Quand tu dis à un collègue que tu es allé à Amsterdam pendant une semaine, généralement, un petit sourire se dessine sur ses lèvres. Ensuite il te demande si tu as fumé.
Nan.
Nan, je n’ai rien fumé. Innocent jusqu’au fond des bronches, je n’ai pas passé la porte d’un coffee shop. Ca sentait à tous les coins de rue, mais non. Pas envie. Je ne sais même pas ce que je demanderais là dedans. Evidement, le collègue ne le croit pas. Voire, il commence à se méfier et penser que je cache des choses.

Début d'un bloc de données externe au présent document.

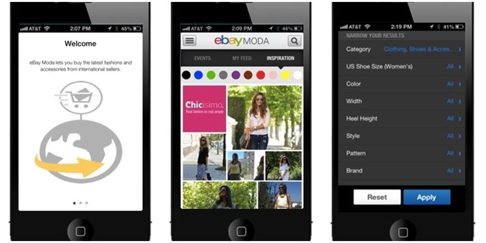 A mega empresa eBay chega ao Brasil e apresenta um app sobre moda. O App traz marcas e produtos do mundo que podem ser comprados pelos usuários brasileiros  e pode exibir valores em reale e dólar pelo paypal.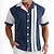 Miesten Geometrinen Raidoitettu Paita Keilailupaita Leirin paita Lyhythihainen Muoti rento Katuvaatteet Loma Kesä Kevät Kuubalainen kaulus 3D-tulostus Napitettavat paidat Sininen Musta Viininpunainen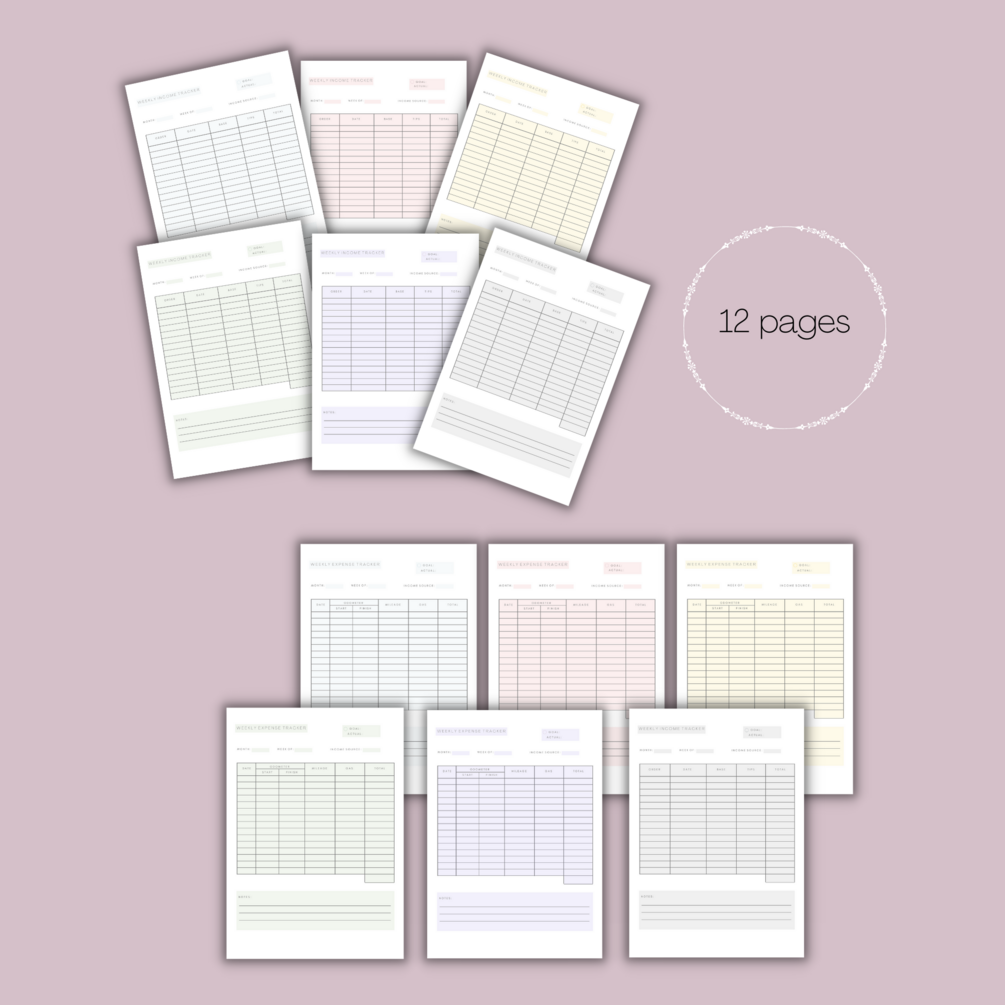 Printable Mileage Log Book: Food Grocery Delivery Driver | Side Hustle Planner | Weekly Income Expense Tracker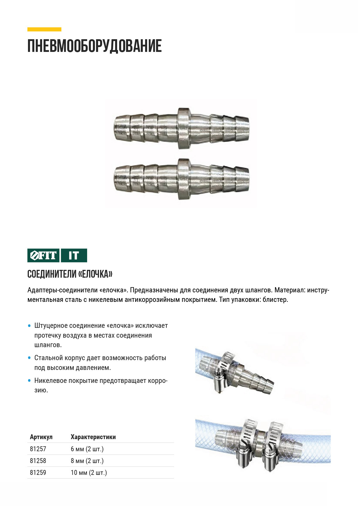 Адаптеры-соединители "елочка". Предназначены для соединения двух шлангов. Материал: инструментальная сталь с никелевым антикоррозийным покрытием. Упаковка: блистер.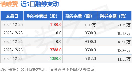 证券之星消息,12月26日,诺唯赞(688105)融资买入358.57万元,融资偿还331.76万元,融资净买入26.81万元,融资余额1.2亿元,近20个交易日中有14个交易日出现融资净买入。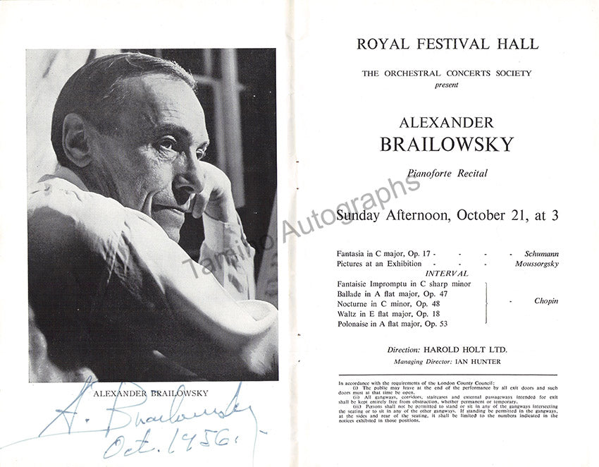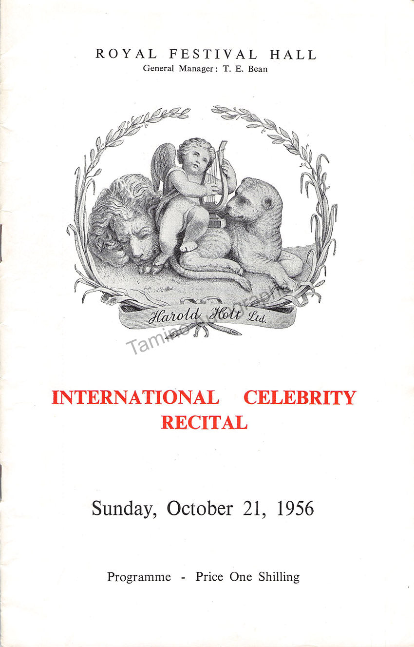 Program for a solo recital at the Royal Festival Hall, London, on October 21st, 1956, signed by him on his photo page. Size is 5.4 x 8.4 inches, full program with all pages and covers, in excellent condition.

« Et alors, le quartier rouge… ? » tente-t-il avec un air de vieux beauf. Je l’imagine devenir un vieux libidineux genre Bénichou dans l’émission de Ruquier. Avec la voix grasse et des grandes oreilles de vieux.
Nan.
Nan, je ne suis pas allé aux putes. Bon, j’ai bien vu le quartier rouge. Evidement. De toute manière, avec des femmes en vitrines à moins de 500m du palais de la Reine, c’est difficile de les éviter. J’en fais des tonnes dans l’explication. La jeune pute, en string dans des poses suggestives, la pute boudeuse, qui est plongée dans son iphone, la pute rageuse, avec son corset en cuir et ses cuissardes, la pute 2 pour le prix d’un, avec sa copine en vitrine, la funky-pute qui, me voyant main dans la main avec #Chéri, fait coucou et un cœur avec les mains, et la pute travailleuse, avec le rideau tiré. Parce que oui, quand on dit que les femmes sont en vitrine, ça veut dire que la vitrine est aussi la chambre. Quand les néons sont allumés mais que la pute tire le lourd rideau de velours rouge, il n’y a pas que le rideau qui est tiré. Si tu vois ce que je veux dire. Hin-hin-hin. Bénichou. Et puis il y a la vieille pute. Pas vraiment dans le quartier rouge, plutôt dans des rues annexes. Tout proche de notre appartement, il y en avait une. Sa vitrine était presque cachée, à demi enterrée. La première fois que je l’ai vu, j’ai presque eu peur. Vieille. Et heu... vieille, quoi. La vieille belle qui tente de se maintenir. Et passé un certain âge, les vêtements ne sont pas seulement un argument thermique*. Au premier coup d’œil, ça fait étrange. Madonna sans photoshop. Déjà, une femme qui racole en vitrine, ce n’est pas complètement naturel pour moi, mais une femme qui pourrait être ta mère (pas la mienne, ok ?) qui racole en vitrine, tu vois, nan. Ta gueule, Bénichou.

Comme je vois que mon collègue commence à penser à sa mère et que ça le gène, je zappe. « Et aussi, c’est dingue le nombre de drapeaux gays, partout. C’est vraiment ultra-open, tu vois. Bon, par contre, je n’ai pas vu de mec en vitrine ». Je sens que je perds mon Bénichou. Y’a un truc qui coince, là. Je n’insiste pas. Je zappe encore. Je parle du Gezellig. Du thé à la mente dans les petits bars. Des sandwichs chauds au gouda. Je parle des canaux bordés d’arbres. Du grelot des vélos qui remplace le klaxon des voitures. Des boutiques improbables, spécialisés en nœud papillon ou chaussettes multicolores. Je parle des ponts de pierre, de fer, mobiles, fixes. Des façades aux grandes fenêtres. Des péniches et des maisons flottantes.
En fait, c’est une ville où il doit faire bon vivre.

* Cette précision n’a évidement aucun rapport avec l’anniversaire de Ditom.